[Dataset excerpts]
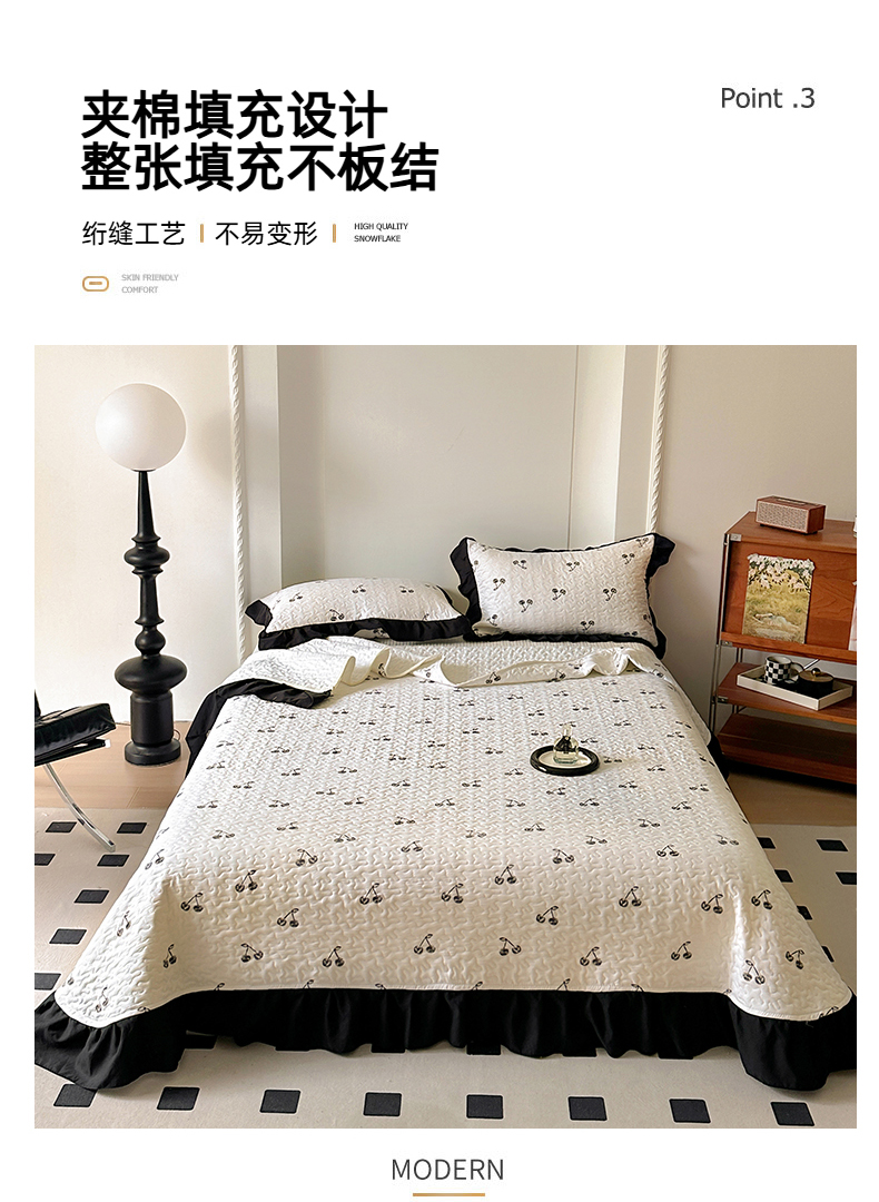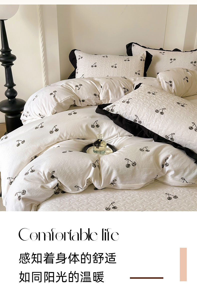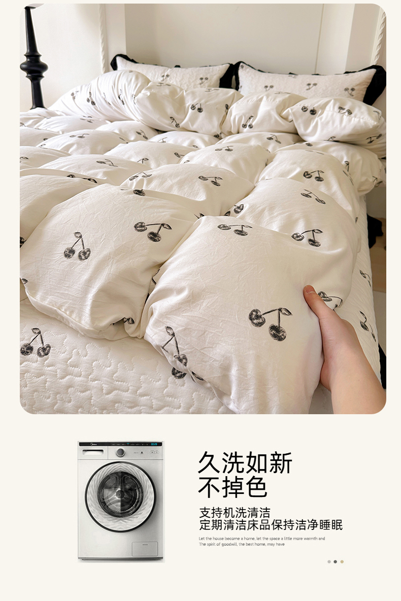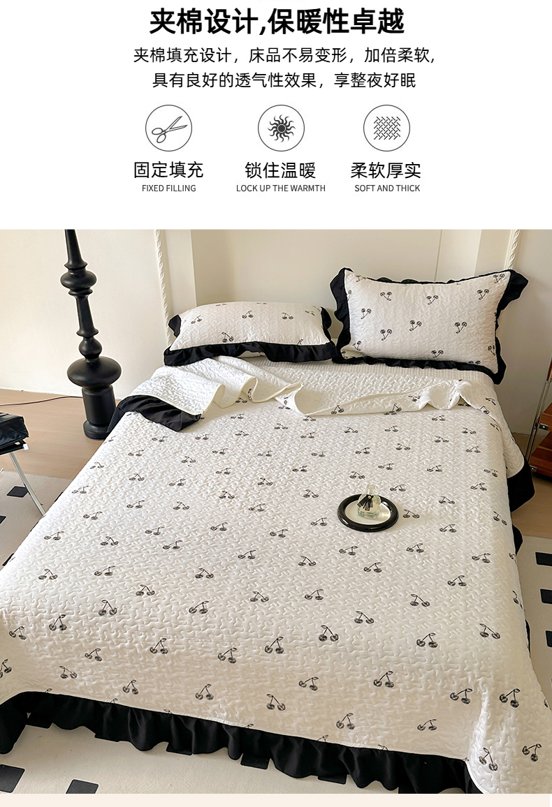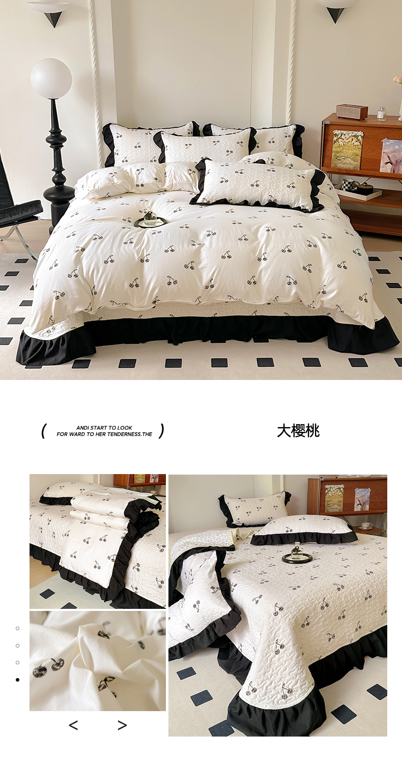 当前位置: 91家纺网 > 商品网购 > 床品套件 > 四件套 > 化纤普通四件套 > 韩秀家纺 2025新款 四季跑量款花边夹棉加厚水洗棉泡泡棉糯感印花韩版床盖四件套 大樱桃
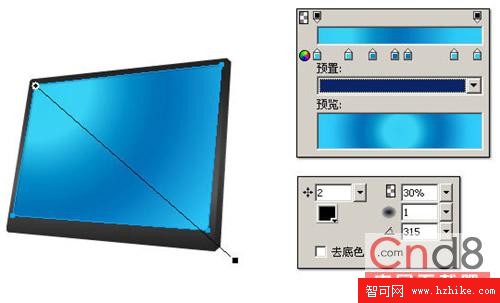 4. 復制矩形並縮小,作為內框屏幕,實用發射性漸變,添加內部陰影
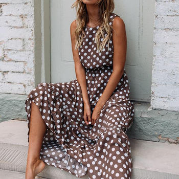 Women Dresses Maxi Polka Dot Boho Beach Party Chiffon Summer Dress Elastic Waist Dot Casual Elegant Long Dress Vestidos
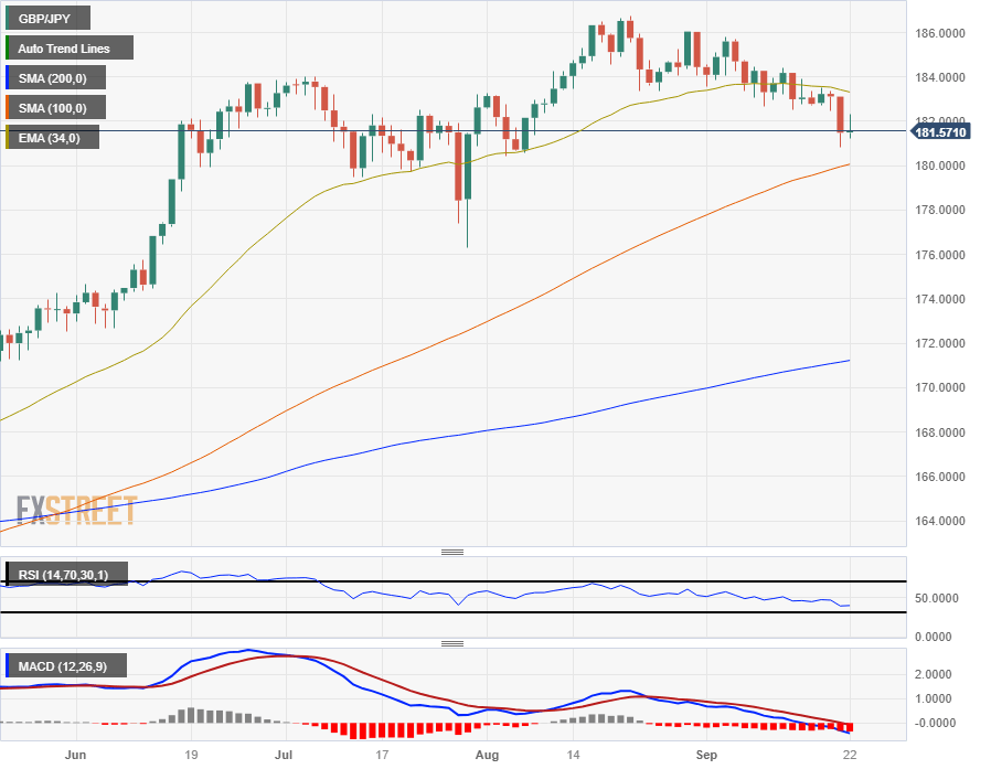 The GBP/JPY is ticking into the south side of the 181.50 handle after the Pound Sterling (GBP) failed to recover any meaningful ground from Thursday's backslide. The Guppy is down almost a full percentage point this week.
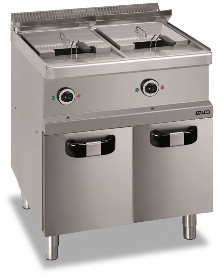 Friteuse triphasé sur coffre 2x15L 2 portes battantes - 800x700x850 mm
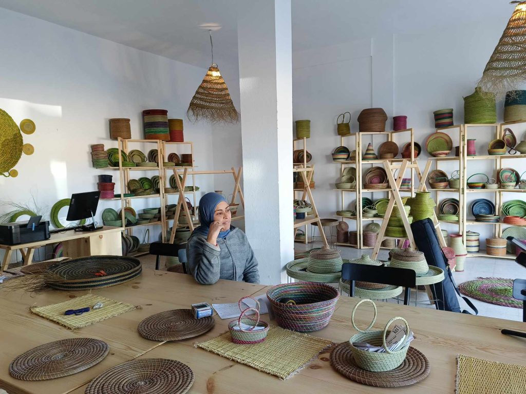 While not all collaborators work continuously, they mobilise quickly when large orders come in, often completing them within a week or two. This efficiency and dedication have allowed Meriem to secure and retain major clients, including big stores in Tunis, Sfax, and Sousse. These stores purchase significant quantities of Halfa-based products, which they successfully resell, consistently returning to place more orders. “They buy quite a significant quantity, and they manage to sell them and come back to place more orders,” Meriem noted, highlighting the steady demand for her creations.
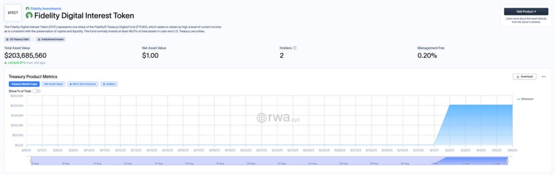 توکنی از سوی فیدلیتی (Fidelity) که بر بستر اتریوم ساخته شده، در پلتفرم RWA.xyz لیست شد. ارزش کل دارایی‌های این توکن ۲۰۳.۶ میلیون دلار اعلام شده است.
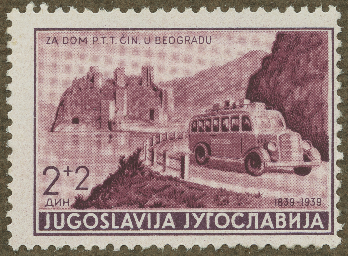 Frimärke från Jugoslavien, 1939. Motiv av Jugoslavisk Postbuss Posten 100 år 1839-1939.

** ABOUT THIS TASK **
Give back exactly the lines from the one with "While not all" through the end of the records above, inclusive, and omit any pictures.

** RESPONSE TO THE EXERCISE **
 While not all collaborators work continuously, they mobilise quickly when large orders come in, often completing them within a week or two. This efficiency and dedication have allowed Meriem to secure and retain major clients, including big stores in Tunis, Sfax, and Sousse. These stores purchase significant quantities of Halfa-based products, which they successfully resell, consistently returning to place more orders. “They buy quite a significant quantity, and they manage to sell them and come back to place more orders,” Meriem noted, highlighting the steady demand for her creations.
 توکنی از سوی فیدلیتی (Fidelity) که بر بستر اتریوم ساخته شده، در پلتفرم RWA.xyz لیست شد. ارزش کل دارایی‌های این توکن ۲۰۳.۶ میلیون دلار اعلام شده است.
 Frimärke från Jugoslavien, 1939. Motiv av Jugoslavisk Postbuss Posten 100 år 1839-1939.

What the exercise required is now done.